World War One Sites - The NETWORLD Database

The Franciscan Monastery in Guča Gora, Travnik, Bosnia and Herzegovina

The Franciscan monastery and church in Guča Gora were first built in 1859. Guča Gora is a very old village. It is mentioned in the written documents in the gift of King Sigismund of Hungary on September 5th 1425, by which the king donates the land property of Paku to the son of Nikola (Miloša), the branch of "de Gudcha gora de Laswa" for his merit by battling for the king against the Turks, who were already present in some parts of Bosnia at the beginning of the 15th century. Bosnian Franciscans lived in Guča Gora for over a century. For several centuries, from 15th  to 18th , Guča Gora is not mentioned anywhere. This was a time of survival for Bosnian Catholics. Monasteries were demolished and abandoned, and at the end of the 17th century there were only three left, one in Kraljeva Sutjeska, and one more in Kreševo ​​and Fojnica. It was not until the early 18th century that Guča Gora was mentioned as a Franciscan habitat. Here they had a house, which the administration of the Franciscan Order on June 8th, 1757, proclaimed a residence. The monastery experienced the most tragic moment in February 1945. After the partisan units expelled members of the German army, on February 22nd, 1945, they set the monastery and the church on fire in which the monastery burned completely and crashed. On the foundations of the southern monastery wing, Friar Ivo built a new monastic house between 1957 and 1959. In the past war, the monastery also suffered a lot. In 1993 the army devastated the church and completely destroyed the monastery. A year later, on July 11th 1994, the soldiers abandoned the monastery and handed it over to the new Guardian Friar Francis Križanac.

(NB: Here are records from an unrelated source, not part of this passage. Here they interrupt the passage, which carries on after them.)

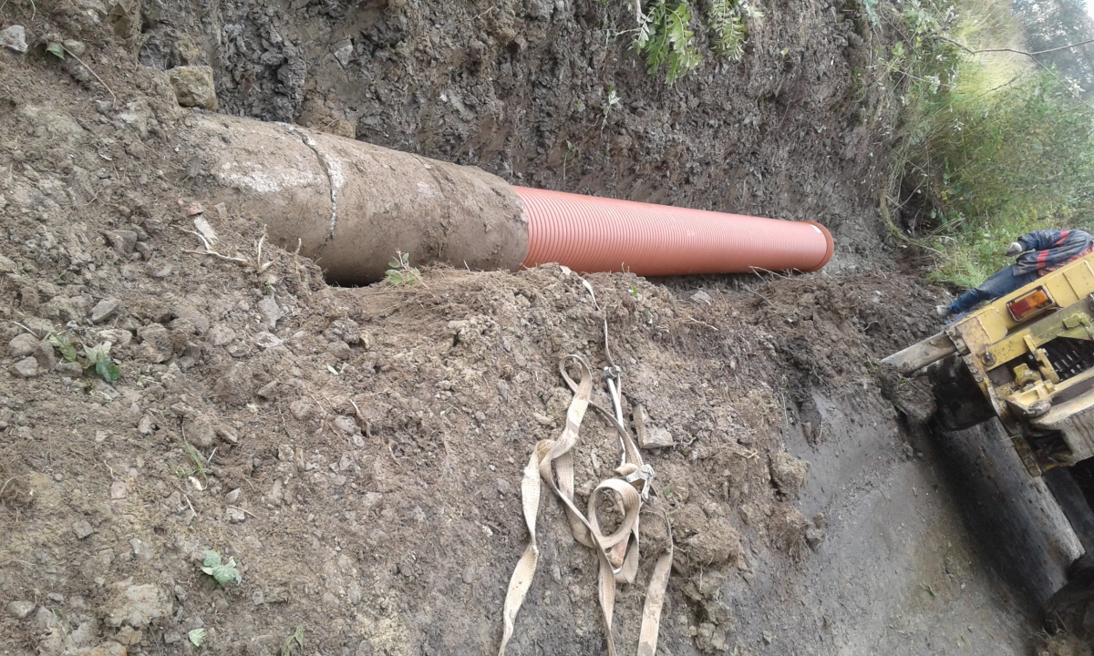 Operator koparki - Pan Staszek przez trzy dni przerzucał ziemię a efekt jego pracy to: wkopana rura przepustowa w sumie 9mb, zrobiona i utwardzona droga wjazdowa pod sam dom. Kamień z kamieniołomu woził mi Pan Zbroś(w sumie weszło 160 ton za 2850 zł) ale jeszcze trzeba będzie dowieźć ale tylko tłucznia.
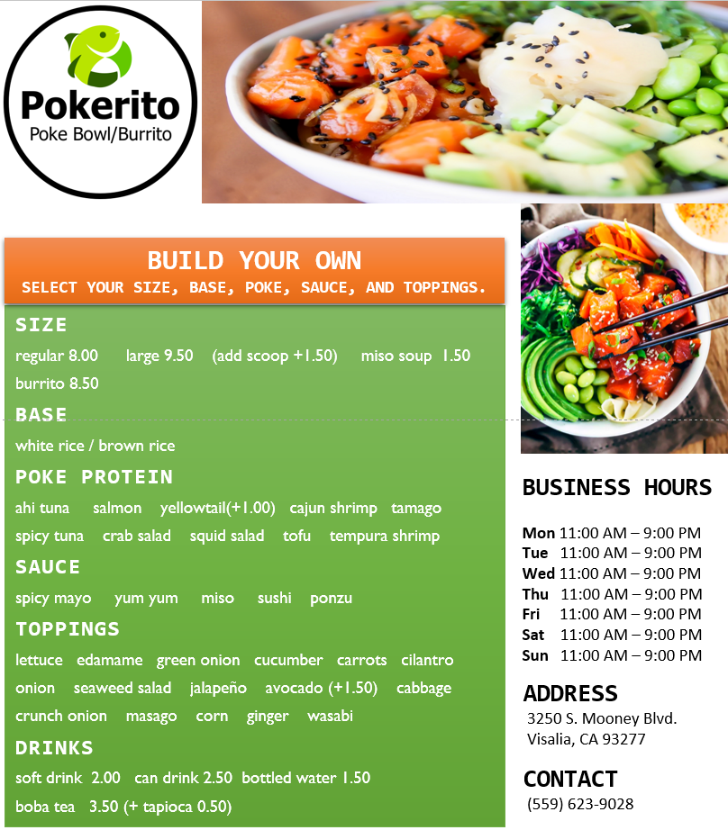 Welcome to Pokerito, a delightful Asian fusion restaurant nestled in the heart of Visalia, California. Located at 3250 S Mooney Blvd, this vibrant eatery brings the flavors of the Pacific to your plate, creating a dining experience that is as fresh as it is fulfilling.
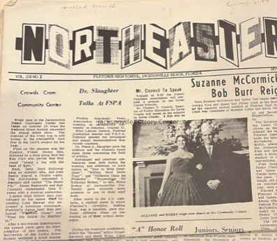 Northeaster (Nov. 1959) Volume 21, no.2. Northeaster is a student newspaper published by the journalism class of Fletcher High School that covers grades 7-12. It was located in Jacksonville Beach until it split into 2 schools in 1964. Selected names/activities: Nov. 1959 (Suzanne McCormick & Bob Burr reign, Nancy Daniels, Barbara Brown, Betty Holloway, John Rawls, Dr. Frank G. Slaughter spoke at JU, Bettina Burr, Ginger Strobeck, Carol Gorman, Linda Diz, Cathy Wentworth, Nevin Miller, Ginger Strobeck, Valisale brothers, Daneri Freeman, Ricky Diz, Senators football, basketball team overcomes Ribault, Cross country team, Beach Bowl sends a bus to pick up gym students for bowling)

Bosnia and Herzegovina, Travnik

Type of WWI-heritage

  • Non-Military Site of World War One Relevance


No information available.

State of repair/preservation

The Monastery is currently under reconstruction, and it has been so from the year 2002, but it can be said that is well preserved but needs partial renovation as well.

Historical WWI Context

The Austro-Hungarian Monarchy ruled over Bosnia and Herzegovina for 30 years and in Guča Gora, still there was no school. But before the WWI started, a small school building was built in the village but only two grades of students could be taught. When the need to start the third grade occurred, in 1911/1912, a classroom was borrowed from the Monastery and it served that purpose until 1931. Besides the regular duties of the Monastery and fulfilling the daily tasks and routines required by the calling, the school had classes in the Monastery even during the World War One. The times were difficult, work was very hard but, the school and the Monastery kept on performing their work.

State of legal protection

It is not protected by any local, regional, national or international law or agreement.


This constructional/architectural World War One heritage is owned by the Franciscan monastery Guča Gora, but the rooms that were used for schooling have been destroyed in the terrible fire of 1945.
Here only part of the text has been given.